The ongoing climate change is manifesting itself through the increasing expansion of Urban Heat Island (UHI) effects. This paper evaluates the microclimate benefits due to cool road pavements, greenery, and photovoltaic canopies in a parking lot in Fondi (Italy), identifying the best strategy to counteract the negative effects of UHIs. The ENVI-met software allowed a microclimatic analysis of the examined area in July 2022 through the comparison of the thermal performances between the current asphalt pavement and ten alternative scenarios. The proposed layouts were investigated in terms of air temperature (AT), surface temperature (ST), mean radiant temperature (MRT), and predicted mean vote (PMV). The results showed that the existing asphalt pavement is the worst one, while the cool pavement integrated with vegetation provides appreciable benefits.

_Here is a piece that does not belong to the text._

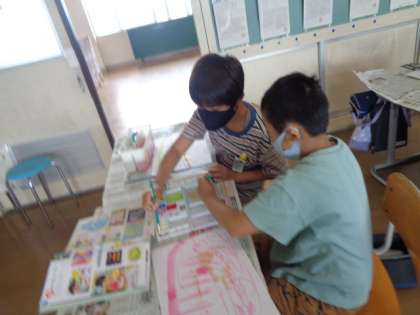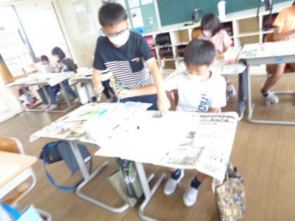 【5年生】心のもよう 公開日 2022/06/01 更新日 2022/06/01 5年生 図工の学習で、色々な技法に挑戦して絵を描きました。子どもたちは、筆をふったり、毛先をはじいたり、水を紙に置いてから色をつけたりして思い思いに描いていました。

Compared to the current layout, a new scenario characterized by light porous concrete for carriageable pavements and sidewalks, concrete grass grid pavers for parking stalls, a 2-m-high border hedge, and 15-m-high trees implies reductions of AT above 3 °C, ST above 30 °C, MRT above 20 °C, and a maximum PMV value equal to 2.2.

Suggested Citation

  • Paolo Peluso & Giovanni Persichetti & Laura Moretti, 2022. "Effectiveness of Road Cool Pavements, Greenery, and Canopies to Reduce the Urban Heat Island Effects," Sustainability, MDPI, vol. 14(23), pages 1-17, November.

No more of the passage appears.